Usually I love patterns.
Quilt patterns, weaving patterns, and patterns in math and science
fascinate me. “The Code” is a BBC
television show that explores patterns in nature. It has captivated me for hours. (I know there were only three shows, but I
found the reruns on YouTube). If you study
a pattern, you can often predict what will happen when you next see that
pattern. For example, if you notice a
State Trooper parked on the side of I-40 and you see that you are going over 80
mph, it’s likely that you will next see flashing lights, hear a siren, and be
relieved of a substantial amount of cash.
Recently, I found an even more upsetting pattern while studying HIPAA prosecutions.
In 2005, North Carolina passed a law that requires all
businesses to notify customers when the business suffers a security breach of
customer information. In 2009, the
federal government passed a similar law requiring health care providers to
notify patients of security breaches affecting patient information. Providers must also report certain breaches
to the federal government. The law gave
state Attorneys General authority to prosecute HIPAA violations.
In 2010, a Massachusetts hospital hired a company to erase
computer tapes with medical information on 800,000 patients. It shipped several boxes of the unencrypted
back-up tapes to the company. Only one of the boxes arrived at its intended
destination. No one ever found the other
boxes. In compliance with breach
notification laws, the hospital reported the breach to the government. The state Attorney General’s office responded
by initiating a HIPAA prosecution against the hospital. Eventually, the case settled for $750,000 in
penalties.
In another case, thieves stole a laptop containing
unencrypted patient records maintained by a Massachusetts Eye and Ear
Clinic. After the clinic filed a breach
report, the HIPAA police fined the clinic $1.5 million and required it to
retain an “independent monitor” of its security practices. The clinic had never conducted the security risk
analyses required by HIPAA. Its policies
governing portable devices were “inadequate.”

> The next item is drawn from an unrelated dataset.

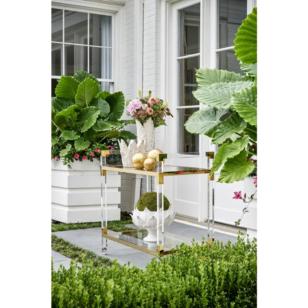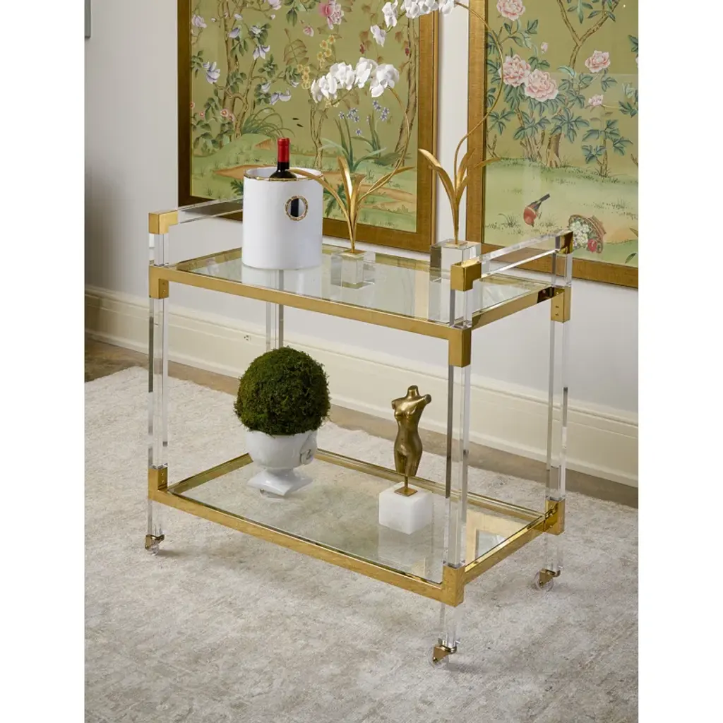 Clear acrylic with clear glass shelves and polished brass-finished iron edging.

BlueCross BlueShield of Tennessee also felt the sting of a
breach report. On 57 unencrypted hard
drives, the company had recorded customer service calls that included patient names,
Social Security numbers and medical information. BCBS stored the hard drives at a leased
facility. Thieves stole the drives. As required by law, BCBS filed a breach
notification report. The HIPAA police
rode onto the scene and hit the company with a $1.5 million penalty. BCBS must also meet numerous administrative
requirements in the future.
Apparently, the federal government is even willing to go
after state agencies for HIPAA violations.
The Alaska Department of Health and Social Services filed a breach
report stating that thieves had broken into a DHSS employee’s car and stolen a
USB drive containing unencrypted patient information. Based on the breach report, the HIPAA police
began an investigation. Alaska had to
pay $1.7 million in penalties and has to comply with numerous provisions to
improve its security standards. Where
was Sarah Palin when they needed her?
The feds have stated that the breach reporting laws are an
“important enforcement tool.” What an
understatement! The reports serve as
detailed confessions of HIPAA violations.

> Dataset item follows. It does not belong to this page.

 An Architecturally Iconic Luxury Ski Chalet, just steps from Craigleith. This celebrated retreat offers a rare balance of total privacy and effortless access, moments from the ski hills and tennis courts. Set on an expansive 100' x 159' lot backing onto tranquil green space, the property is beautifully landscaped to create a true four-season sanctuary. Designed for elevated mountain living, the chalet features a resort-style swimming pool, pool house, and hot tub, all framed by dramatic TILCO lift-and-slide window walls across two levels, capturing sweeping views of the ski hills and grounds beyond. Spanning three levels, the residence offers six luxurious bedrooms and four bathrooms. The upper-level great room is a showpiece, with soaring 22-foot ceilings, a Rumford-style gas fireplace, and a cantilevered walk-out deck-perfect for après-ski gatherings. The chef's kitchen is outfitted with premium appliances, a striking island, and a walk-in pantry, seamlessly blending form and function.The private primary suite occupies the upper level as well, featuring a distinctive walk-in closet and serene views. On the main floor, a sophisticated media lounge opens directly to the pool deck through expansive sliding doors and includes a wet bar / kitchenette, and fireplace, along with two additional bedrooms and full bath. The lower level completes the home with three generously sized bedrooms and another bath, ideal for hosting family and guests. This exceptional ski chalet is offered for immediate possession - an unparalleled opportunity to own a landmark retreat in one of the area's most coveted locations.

With those reports and hundreds of regulations, standards, and
guidelines that only lawyers who are computer experts can understand,
prosecution should be a piece of cake.
Yet, we can learn from the above cases. First, encrypt all patient/customer
data. Be sure to encrypt emails that
transmit patient information, including xrays.
Second, make sure that any person or agency that has access to your
patient information has signed a business associate agreement as required by
HIPAA. Third, if you sustain a breach,
immediately notify your attorney. DO NOT
try to file a breach report without legal advice – unless you have a few
million dollars to throw away. Fourth,
be extremely careful in how you destroy patient records that are no longer
needed. If you ship them to a facility
for destruction, be sure that you have checked out the facility and have a
business associate agreement with it.
If you study the federal government’s HIPAA website, you
will see that there have been more breach notification reports than there are
stars in the sky. Accordingly, the HIPAA
police have hired a private corporation to help with prosecutions. It paid the company millions of dollars in 2012. It seems to me that leveling multi-million
dollar fines against an overburdened health care industry and against states
that are already drowning in debt may not be the best solution to the problem
of privacy rights violations. Perhaps
someone in Washington needs to take a look at this. Wait – never mind – that’s how we got into
this mess in the first place.
( See, I do love patterns. Even my dishcloths have patterns.)